Work to be completed: Pictures excluded, output the lines of the data below between the one holding "Select Job Type: Close" and the one holding "This bingo card", inclusive, exactly as they stand.
----- Records for the task -----
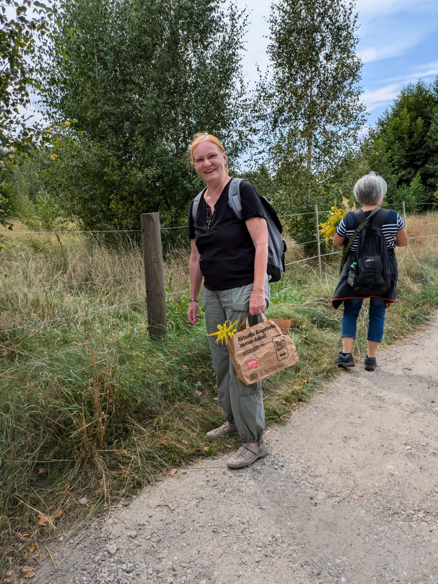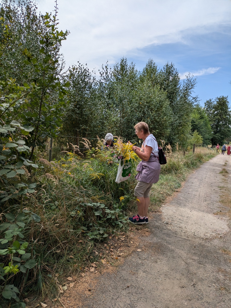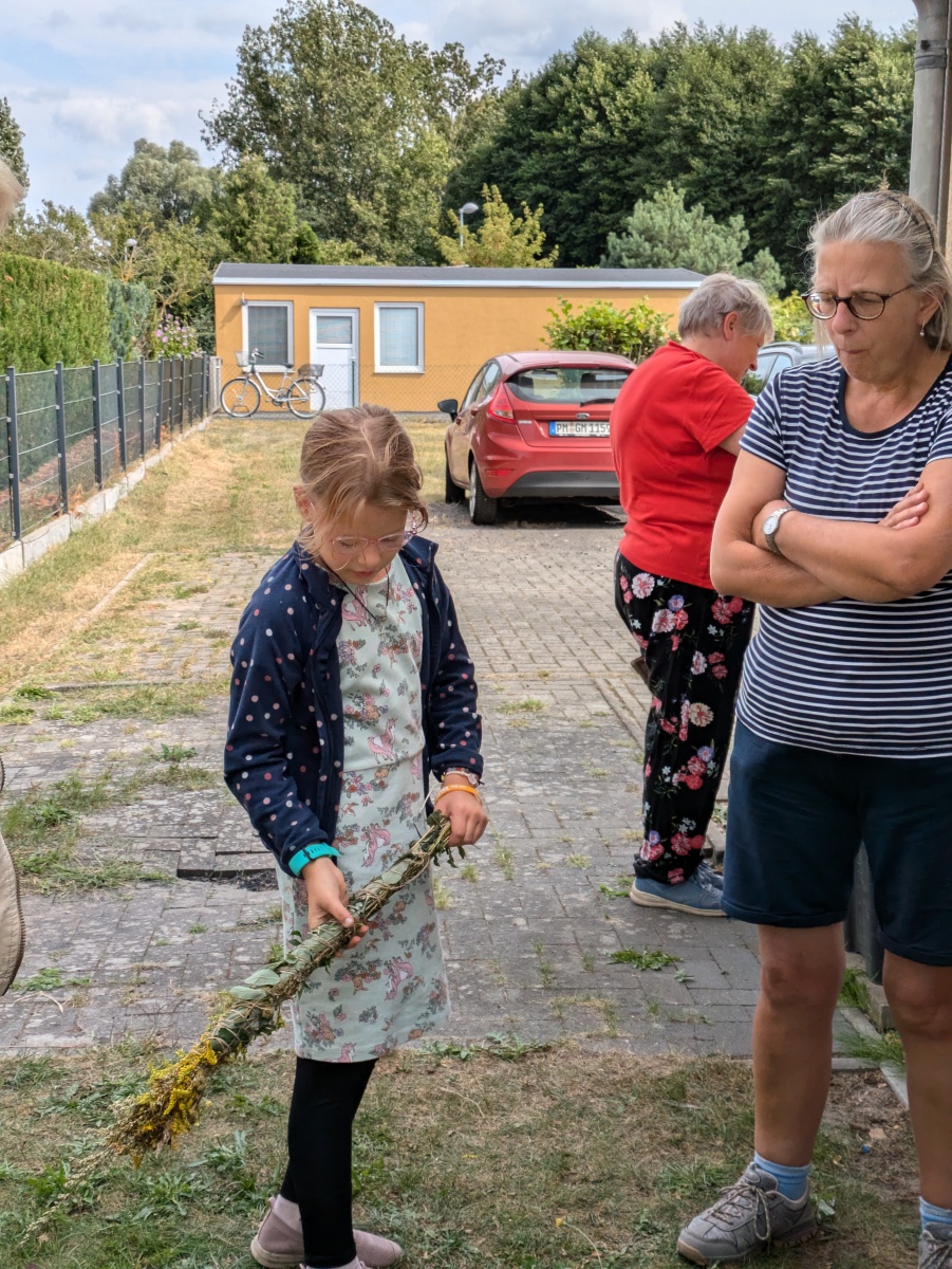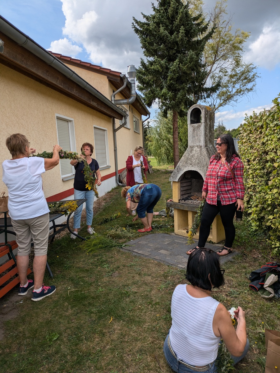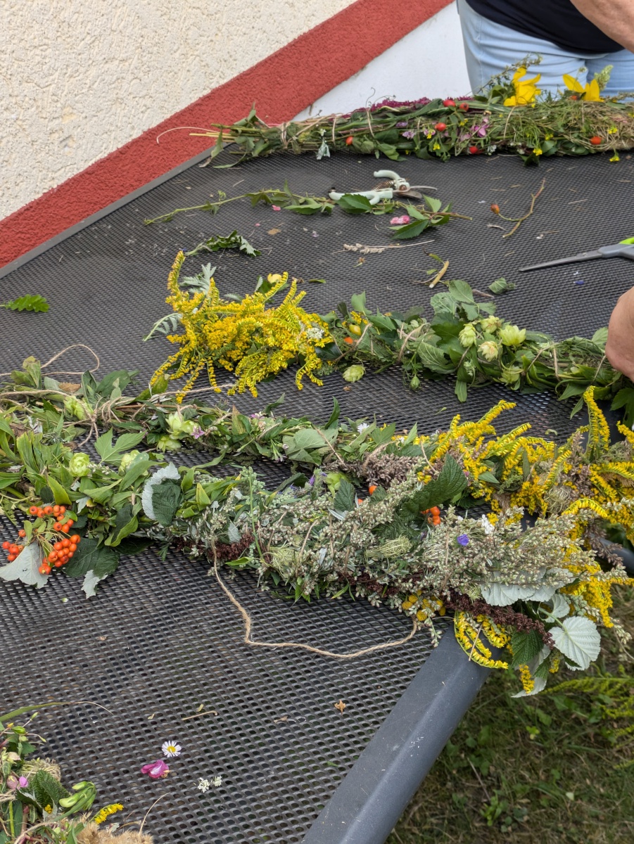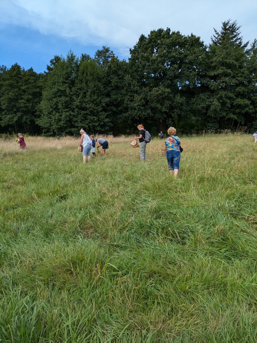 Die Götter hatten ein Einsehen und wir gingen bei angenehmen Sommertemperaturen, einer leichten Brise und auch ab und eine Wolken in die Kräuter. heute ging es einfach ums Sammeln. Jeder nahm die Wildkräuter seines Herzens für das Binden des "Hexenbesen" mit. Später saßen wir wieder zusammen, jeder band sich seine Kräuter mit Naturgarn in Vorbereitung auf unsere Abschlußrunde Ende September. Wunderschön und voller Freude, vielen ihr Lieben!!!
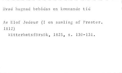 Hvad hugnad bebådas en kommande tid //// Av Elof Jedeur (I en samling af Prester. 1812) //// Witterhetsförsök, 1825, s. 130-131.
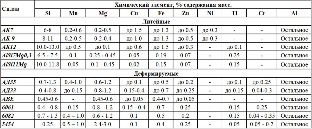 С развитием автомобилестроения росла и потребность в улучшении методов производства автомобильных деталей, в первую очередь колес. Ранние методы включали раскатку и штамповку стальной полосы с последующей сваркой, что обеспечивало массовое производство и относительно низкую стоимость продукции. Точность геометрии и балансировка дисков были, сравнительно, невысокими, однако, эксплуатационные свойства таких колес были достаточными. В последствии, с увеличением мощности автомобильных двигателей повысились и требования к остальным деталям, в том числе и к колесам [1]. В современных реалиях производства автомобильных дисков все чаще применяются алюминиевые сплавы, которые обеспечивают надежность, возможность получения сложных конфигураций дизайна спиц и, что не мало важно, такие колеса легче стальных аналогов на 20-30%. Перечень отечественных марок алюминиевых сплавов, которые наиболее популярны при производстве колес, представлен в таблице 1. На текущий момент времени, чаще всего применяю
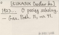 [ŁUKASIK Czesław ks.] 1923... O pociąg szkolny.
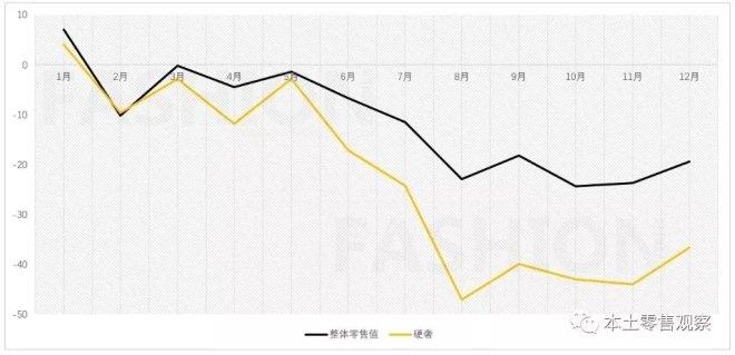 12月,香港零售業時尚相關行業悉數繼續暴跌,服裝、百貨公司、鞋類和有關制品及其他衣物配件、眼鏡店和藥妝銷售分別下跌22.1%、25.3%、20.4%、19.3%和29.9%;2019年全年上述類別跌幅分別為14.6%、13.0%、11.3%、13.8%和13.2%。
-----
----- Records for the task -----
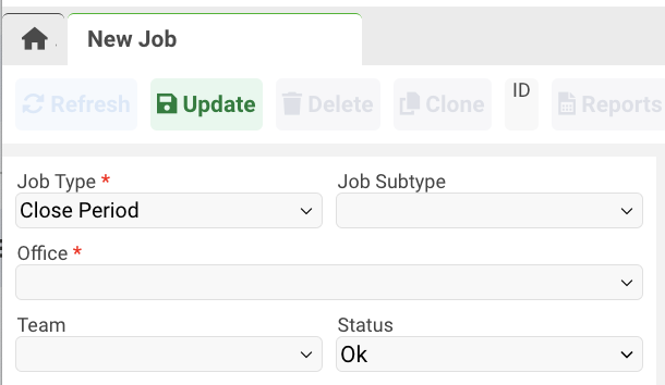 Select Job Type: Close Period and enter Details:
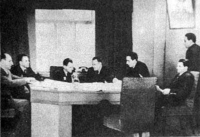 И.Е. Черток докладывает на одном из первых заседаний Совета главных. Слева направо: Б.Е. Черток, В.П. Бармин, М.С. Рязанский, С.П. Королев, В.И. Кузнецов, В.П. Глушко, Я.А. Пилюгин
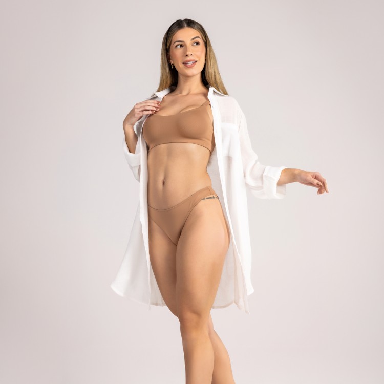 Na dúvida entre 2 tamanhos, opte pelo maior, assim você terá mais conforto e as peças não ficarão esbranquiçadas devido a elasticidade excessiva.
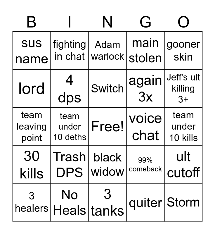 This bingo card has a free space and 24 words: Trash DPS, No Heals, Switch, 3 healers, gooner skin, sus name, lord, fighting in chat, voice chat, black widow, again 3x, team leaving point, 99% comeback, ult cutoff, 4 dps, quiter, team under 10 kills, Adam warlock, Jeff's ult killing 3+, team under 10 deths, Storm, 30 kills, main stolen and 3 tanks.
-----
----- Records for the task -----
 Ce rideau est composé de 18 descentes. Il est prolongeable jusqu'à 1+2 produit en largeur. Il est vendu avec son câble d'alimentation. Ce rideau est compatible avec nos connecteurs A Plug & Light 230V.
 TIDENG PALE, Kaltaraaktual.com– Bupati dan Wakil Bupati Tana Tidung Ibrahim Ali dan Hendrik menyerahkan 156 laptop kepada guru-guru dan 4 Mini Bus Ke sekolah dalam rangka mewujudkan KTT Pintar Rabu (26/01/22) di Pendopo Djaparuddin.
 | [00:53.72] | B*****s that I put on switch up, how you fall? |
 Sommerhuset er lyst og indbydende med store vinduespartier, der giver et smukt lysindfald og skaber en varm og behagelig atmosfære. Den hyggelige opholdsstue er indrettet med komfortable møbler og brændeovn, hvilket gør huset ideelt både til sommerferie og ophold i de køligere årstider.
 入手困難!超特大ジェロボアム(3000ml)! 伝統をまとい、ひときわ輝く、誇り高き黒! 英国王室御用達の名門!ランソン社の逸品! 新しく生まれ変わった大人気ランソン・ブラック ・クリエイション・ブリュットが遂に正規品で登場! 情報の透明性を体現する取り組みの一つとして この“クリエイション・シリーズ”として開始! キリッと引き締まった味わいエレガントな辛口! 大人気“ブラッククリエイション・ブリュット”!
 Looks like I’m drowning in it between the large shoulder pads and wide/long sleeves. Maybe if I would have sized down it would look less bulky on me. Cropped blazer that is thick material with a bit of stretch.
-----
Answer for the task:
 Select Job Type: Close Period and enter Details:
 И.Е. Черток докладывает на одном из первых заседаний Совета главных. Слева направо: Б.Е. Черток, В.П. Бармин, М.С. Рязанский, С.П. Королев, В.И. Кузнецов, В.П. Глушко, Я.А. Пилюгин
 Na dúvida entre 2 tamanhos, opte pelo maior, assim você terá mais conforto e as peças não ficarão esbranquiçadas devido a elasticidade excessiva.
 This bingo card has a free space and 24 words: Trash DPS, No Heals, Switch, 3 healers, gooner skin, sus name, lord, fighting in chat, voice chat, black widow, again 3x, team leaving point, 99% comeback, ult cutoff, 4 dps, quiter, team under 10 kills, Adam warlock, Jeff's ult killing 3+, team under 10 deths, Storm, 30 kills, main stolen and 3 tanks.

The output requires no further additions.